(Blackburn's book) Question regarding a lemma about ultrafilter extension

Question

I am reading the proof of:

Let $\tau$ be a modal similarity type, and M a $\tau$-model. Then, for any formula $\phi$ and any ultrafilter $u$ over $W$, $V (\phi)\in u$ iff $ue(M),u\Vdash \phi$.

$ue(M)$ is the ultrafilter extension of $M$, $V$ is the evaluation which takes a formula and returns the set of worlds that this formula holds.

The first lines of the proof goes as:

The proof of claim is by induction on $\phi$. The basic case is immediate from the definition of $V^{ue}$. The proofs of the boolean cases are straightforward consequences of the defining properties of ultrafilters.

The nagation case is indeed obvious. But I have trouble on disjunction case: I have $V(\phi\lor \psi)=V(\phi)\cup V(\psi)\in u$, and my inductive hypothesis is about $V(\phi),V(\psi)$ individually, so could some one please tell me what is going on here and how to use "consequences of the defining properties of ultrafilters" to prove it?

Also could someone explicitly points out which "consequences of the defining properties of ultrafilters" do we use together with some proof?

Answer 1

Basically, what you're trying to prove is:

Whenever $A\cup B$ is in the ultrafilter $u$, either $A$ is in $u$ or $B$ is in $u$.

Let's recall the definition of "ultrafilter" (this is what's meant by "defining properties"):

• $u$ must contain the whole "base set," and must not contain $\emptyset$.

• If $X\in u$ and $Y\supseteq X$, then $Y\in u$.

• If $X,Y\in u$ then $X\cap Y\in u$.

• For every $X$, either $X$ or its complement is in $u$.

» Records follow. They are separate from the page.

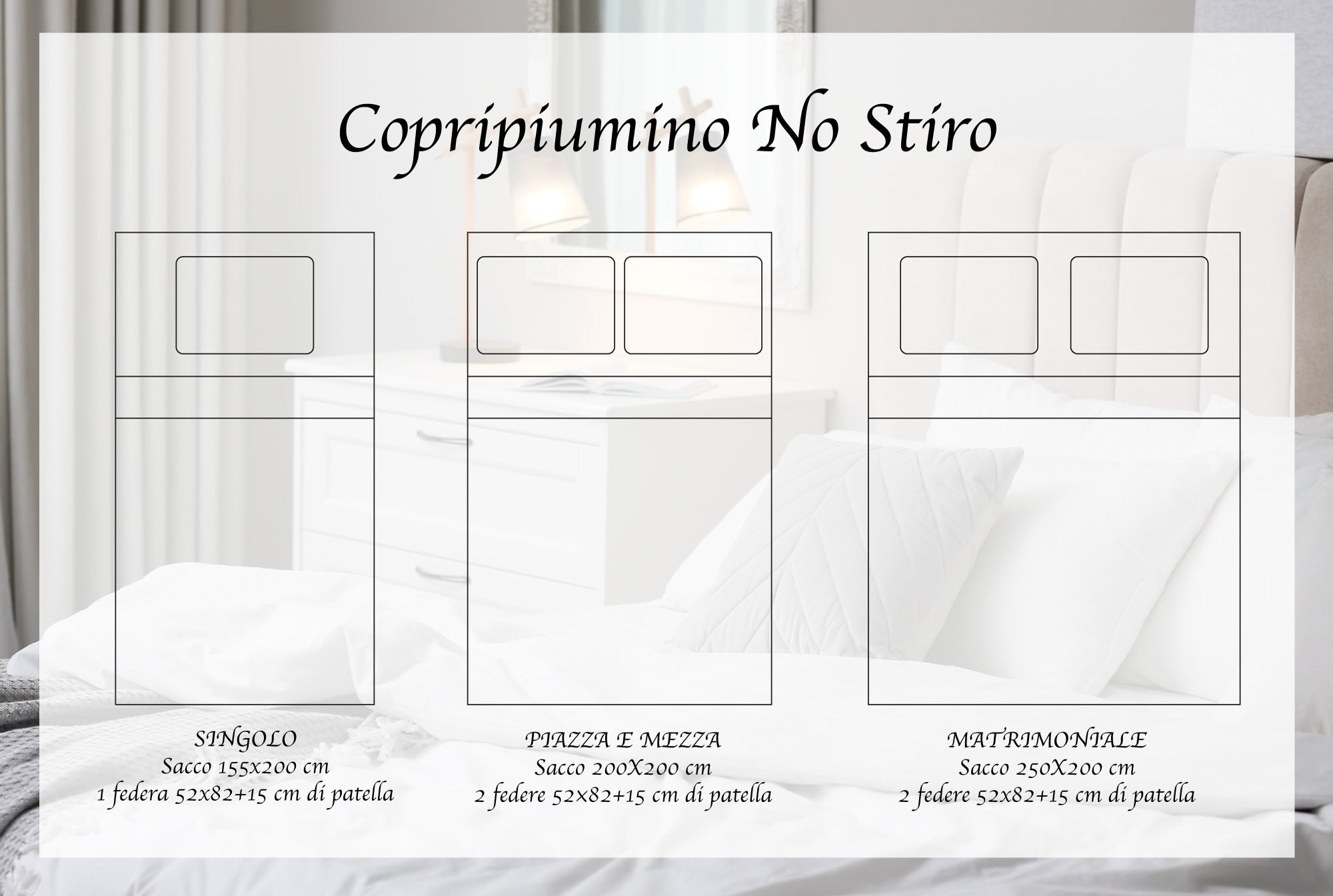 MATERIALE 100 % Microfibra morbidissima, anallergica, liscia e confortevole dall'effetto raso, autoregolante fresca in estate e calda in inverno Studiato per una praticità e una velocità di vestizione con patella interna al sacco di 50 cm per stabilizzare il piumino cosi che resti fisso e stabile per tutta la notte, e di 15 cm interna alle federe per fermare il guanciale i pratici tagli consentono l'inserimento del piumino e dei guanciali in pochi secondi.
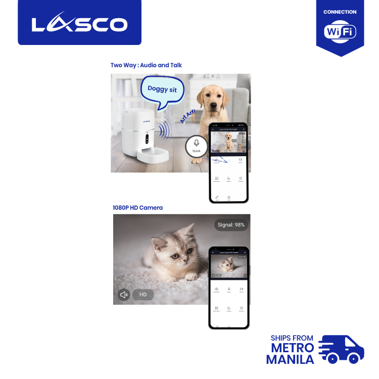 Lasco WIFI Smart Pet Feeder 6L, with 2 MP Video Camera Automatic Food Dispenser for Cat Dogs
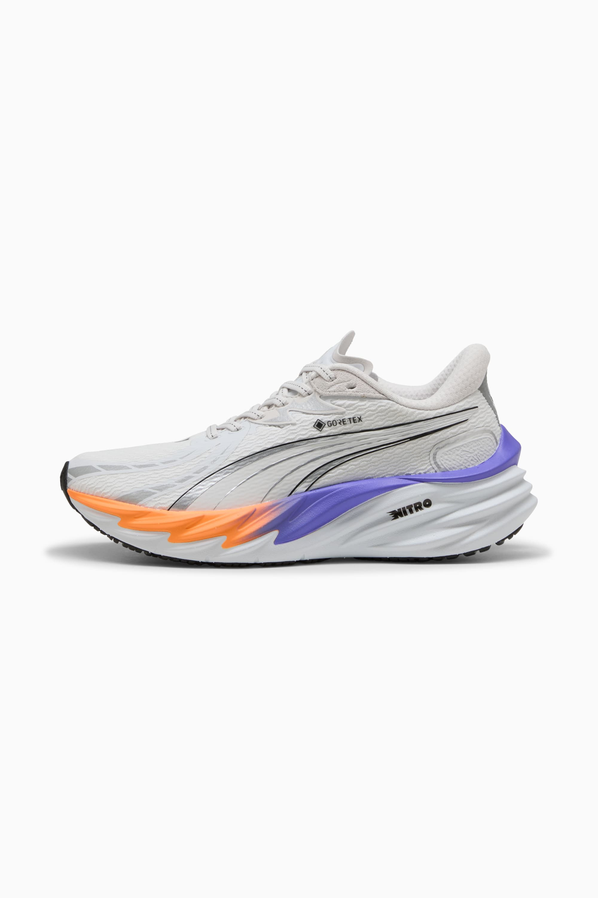 PRODUCT STORY Running feels different for everyone – and that’s exactly how it should be. Whether you’re chasing a PR or just chasing the feeling, Velocity 4 is built to move with you. Any runner, any time, any distance, it can withstand, deliver, and surpass expectations. This version is equipped with a GTX Invisible FIT waterproof, windproof, and breathable membrane to keep you dry on the go. Plus, a full-length NITROFOAM™ midsole for cushioning and PUMAGRIP outsole for the best traction in the game. FEATURES & BENEFITS - GORE-TEX: Waterproof membrane that keeps your feet dry and warm while still providing optimum breathability. - NITROFOAM™: Innovative nitrogen-infused foam technology that uses premium raw materials to provide maximum energy return - PUMAGRIP: Outsole is made of durable rubber compound for multi-surface traction DETAILS - Style: 311146_02 - Color: Feather Gray-Dark Amethyst - Regular fit - Rounded toe - Lace closure - Heel type: Flat - Heel-to-toe drop: 10.0cm - Cushioning: Medium - Stack height: 36mm / 26mm - Pronation: Neutral MATERIAL INFORMATION - Sockliner: 100% Textile - Outsole: 100% Rubber - Upper: 49.22% Synthetic, 47.97% Textile, 2.81% Leather - cow - Lining: 100% Textile
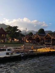 很多人去万荣就是冲着南松河。租一个轮胎往河里一扔,趴上去顺水而走,几公里后再上岸。也有正儿八经的小艇漂流,据说能连着飘3个小时。可惜,我依然没法下水,错过了琅勃拉邦的瀑布也错过了南松河。 平生第一次坐热气球,一个人只花80美金,不过便宜无好货,热气球只飘半小时,在半空中俯瞰的万荣小村镇也并无美丽风景。特意选了日落时分,算是此行最后一次看sun set。万荣,再见。
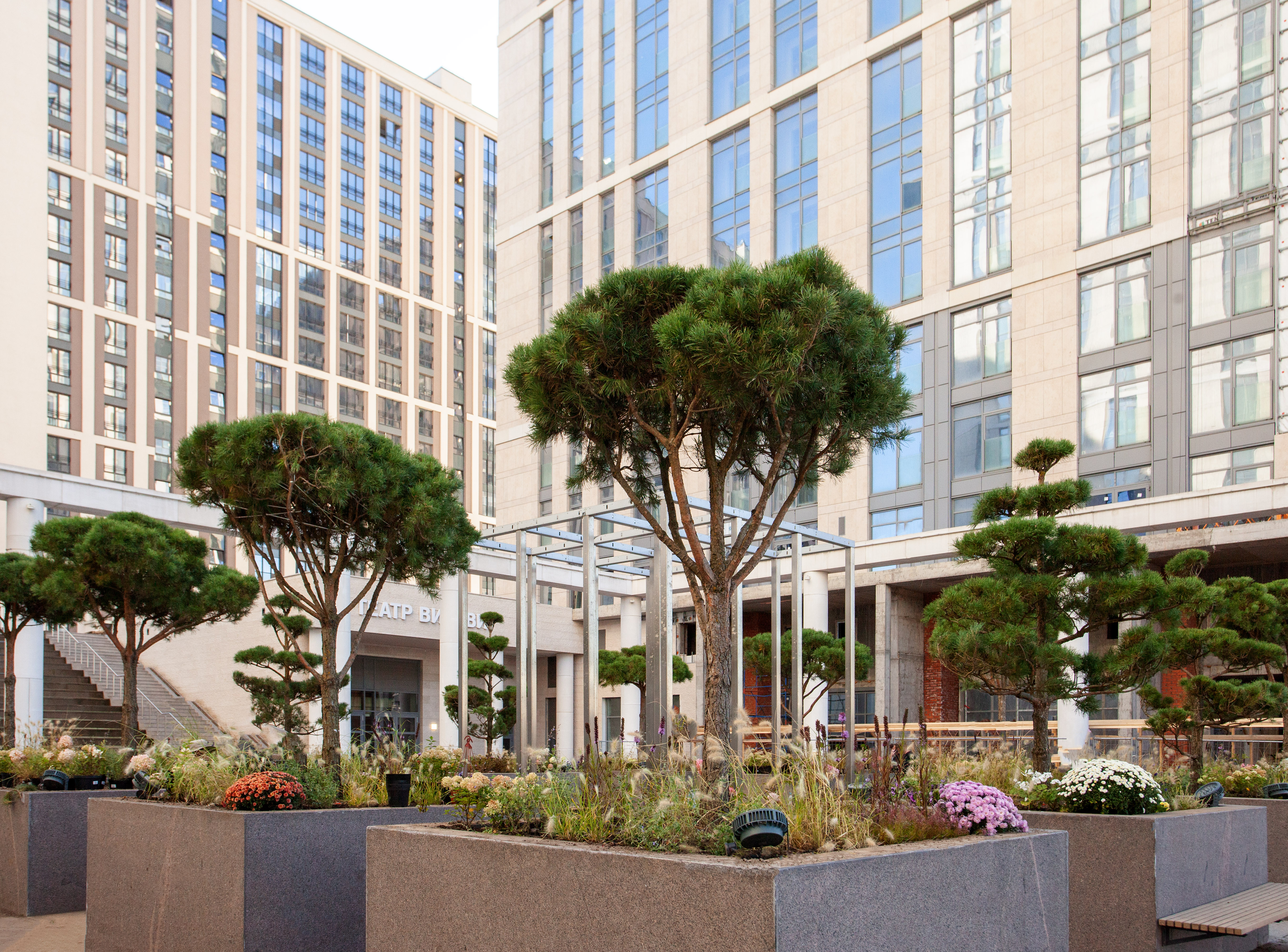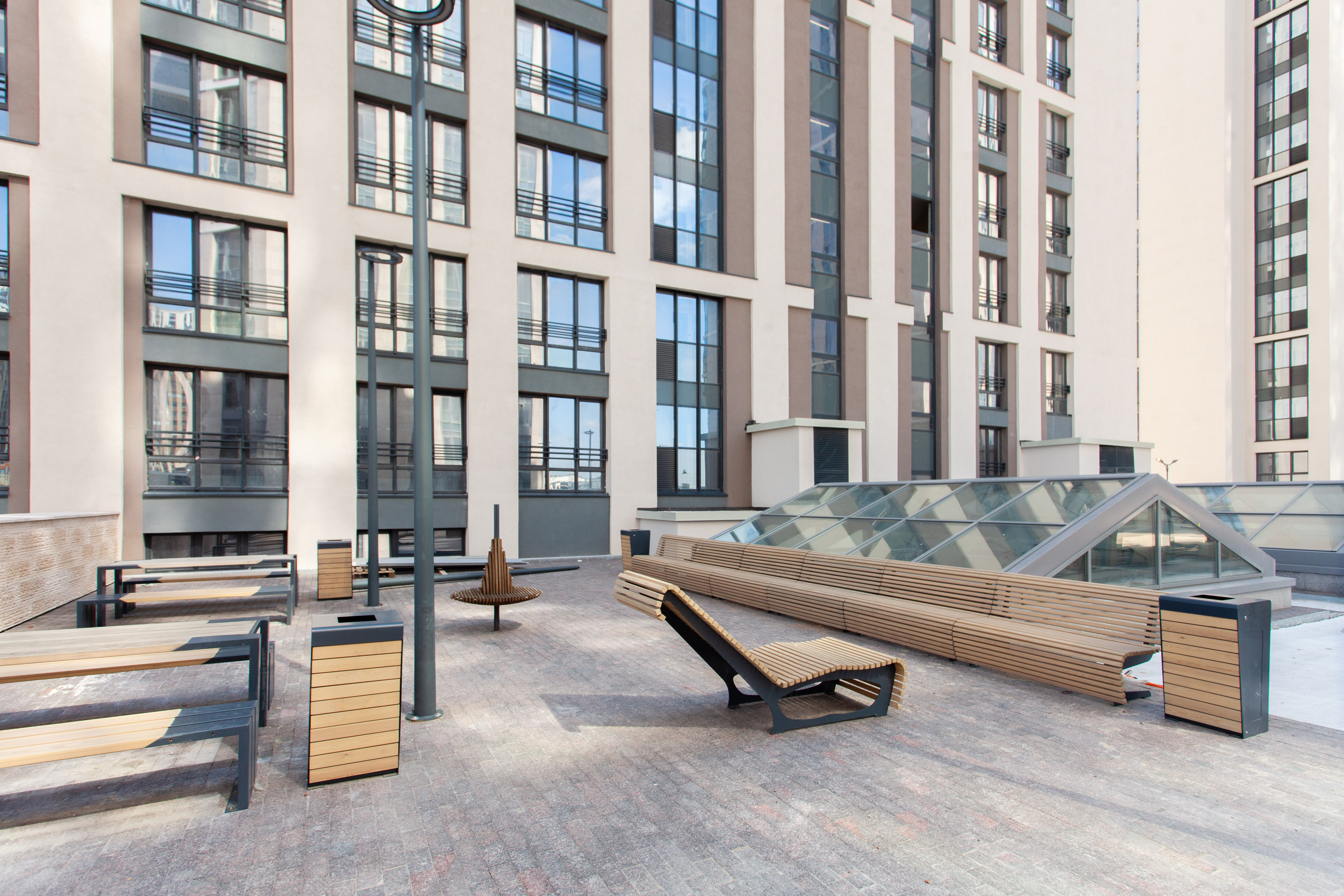 Исключительная приватность — важная составляющая проекта. Внутренние пространства комплекса закрыты от уличного шума, посторонних и машин. Местом притяжения жителей станет площадка‐амфитеатр с полупрозрачным навесом, выполненным по мотивам французской арки Le Defense.

(The first three conditions form the definition of "filter;" the fourth condition gives the "ultra" part. If we add "$u$ contains no singletons," we get the definition of "non-principal, or free, ultrafilter.")

None of these explicitly mention unions of two sets, but that third clause looks intriguing since it also mentions the combination of two sets. It turns out that the key here is to combine that third clause with the fourth clause (one reason to guess that we should do this is that unions and intersections are closely related via complements, and the fourth clause has something to say about complements). Specifically:

Suppose neither $A$ nor $B$ is in the ultrafilter. Can you show that $A\cup B$ is not in the ultrafilter either?

This is the contrapositive of the statement up top, so if you can show this you'll be done.

HINT: Since neither $A$ nor $B$ are in $u$, we know that $\overline{A}$ and $\overline{B}$ are in $u$. Knowing this, what third set can you conclude must be in $u$? How is this related to the set we care about ($A\cup B$)?